A chaque fusillade aux Etats-Unis, des gens parfaitement innocents se voient accusés d'en être les auteurs sur les réseaux sociaux. Retour sur ces victimes dont on ne parle pas, avec Bill McCarthy, journaliste au service d'investigation numérique de l'AFP à Washington.

Sur les écrans de télévision du bureau de l'AFP à Washington, les dernières informations qui défilaient en boucle avaient un air de déjà-vu déprimant.

Un tireur lourdement armé, dont l'identité n'avait pas encore été établie, avait ouvert le feu dans une école, à Nashville, dans le Tennessee. Six noms - dont ceux de trois enfants de neuf ans - venaient de s'ajouter à la liste déjà interminable d'innocents tombés sous les balles aux Etats-Unis.

Chaque nouvelle tuerie m'affecte profondément - j'ai de la peine pour les victimes, leurs proches et leur entourage, submergés de chagrin. Mais aussi parce que je sais, de par mon expérience de fact-checkeur, que des gens au-dessus de tout soupçon vont être faussement accusés d'être des assassins, et leurs photos largement diffusées sur les réseaux.

J'ai vu le scénario se reproduire des dizaines de fois. A chaque tuerie, c'est un nouveau cycle de désinformation qui commence.

Après la fusillade à Michigan State University en février, un auteur vivant à plus de 1.000 kilomètres de là, dans le Massachusetts, sans  aucun lien avec l'évènement, s'est vu faussement accusé sur Twitter. Pour appuyer ses fausses affirmations, la personne à l'origine de cette infox est allée jusqu'à créér de toutes pièces un compte Facebook au nom de l'écrivain.

Quand un tueur a tiré sur des clients d'une boîte de nuit LGBT+ de Colorado Springs en novembre dernier, des photos ont circulé sur les réseaux qui prétendaient montrer et identifier l'assassin. Il s'agissait là encore de photos de gens sans aucun rapport avec l'évènement - dont un joueur professionnel de hockey.

Et après l'attaque contre une école à Uvalde, au Texas, en mai 2022, qui a fait 21 morts dont 19 enfants, des utilisateurs du forum 4chan, réputé pour imposer le moins de règles possibles à ses utilisateurs, sont allés récupérer des photos d'une femme transgenre sur le site Reddit pour l'accuser à tort de la tuerie.
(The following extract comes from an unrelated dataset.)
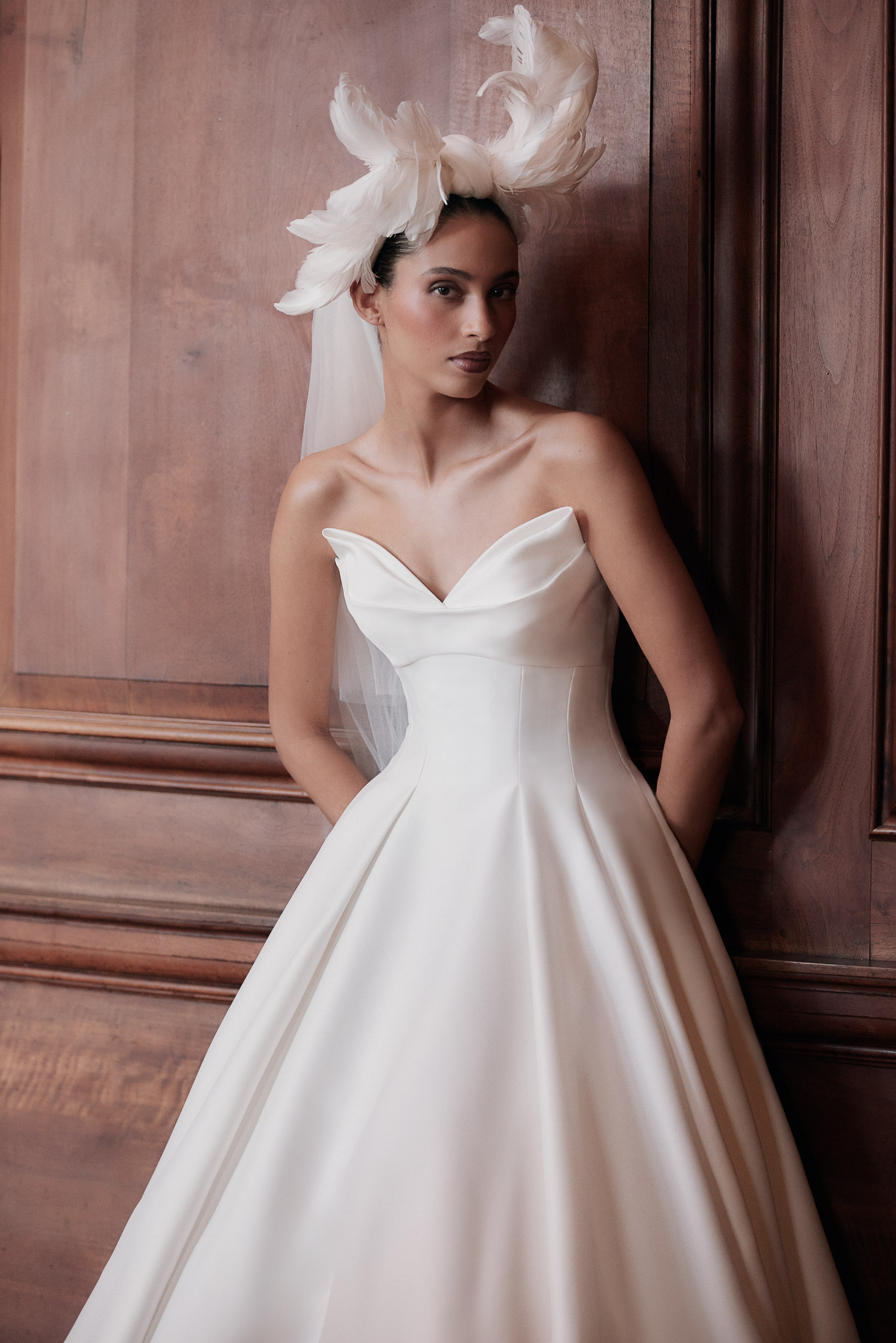 Bold and unforgettable, Etta commands attention in textured Mikado. Her sharply sculpted pointed neckline and structured bodice provide architectural elegance, supported by an internal corset for flattering shape. Princess seams and a dramatic, flowing skirt elongate the figure, creating a gown that is both striking and graceful. Etta is designed for brides who embrace confident, statement-making style while maintaining refined sophistication.

Rebelote après la fusillade de Nashville. Des photos d'un acteur, d'une personne transgenre faisant du streaming vidéo, d'un jeune artiste vendant ses créations sur la plateforme Etsy, ou encore d'une personne militant pour les droits des transgenres dans l'Oklahoma ont inondé les réseaux, eux aussi faussement accusés.

C'est évidemment humain de vouloir en savoir plus sur des évènements aussi tragiques. Le public est souvent avide de détails sur la personnalité du tueur. Le temps que la police mène son enquête et que les journalistes rassemblent les informations auprès de sources fiables crée une attente, qui génère inévitablement toutes sortes de spéculations - que des personnes mal intentionnées sont ravies d'exploiter et de propager en ligne.

Mais le tort qu'elles causent en agissant ainsi n'a rien de virtuel.

Dans le cas de Nashville, après que la police eut annoncé être intervenue sur une fusillade, j'ai fait une rapide recherche sur Twitter avec ces mots-clé: “le tueur de Nashville identifié". A en croire les dizaines de résultats qui se sont affichés, les autorités de Nashville avaient déjà identifié le criminel, une femme transgenre dénommée “Samantha Hyde”.

Sam Hyde, acteur américain, est un nom que nous fact-checkeurs connaissons bien. Tout comme des variations autour de son nom, comme “Samantha Hyde”, “Samuyil Hyde” ou encore “Samir Al-Hajeed”. Certaines personnes actives sur les réseaux pourraient ainsi nous faire croire que Hyde a été à l'origine d'innombrables drames ces dernières années.

En fait, tout a commencé par un “meme” sur 4chan, et depuis, son nom revient à chaque tragédie, comme un mauvais gag qui n'en finirait jamais
.

D'autres tweets, maintenant effacés, ont imputé la tuerie à Clara Sorrenti, une militante transgenre et streameuse de jeux vidéo connue en ligne sous le pseudonyme Keffals. Canadienne, elle a dû déménager l'an dernier après être devenue la cible d'une campagne de harcèlement en ligne.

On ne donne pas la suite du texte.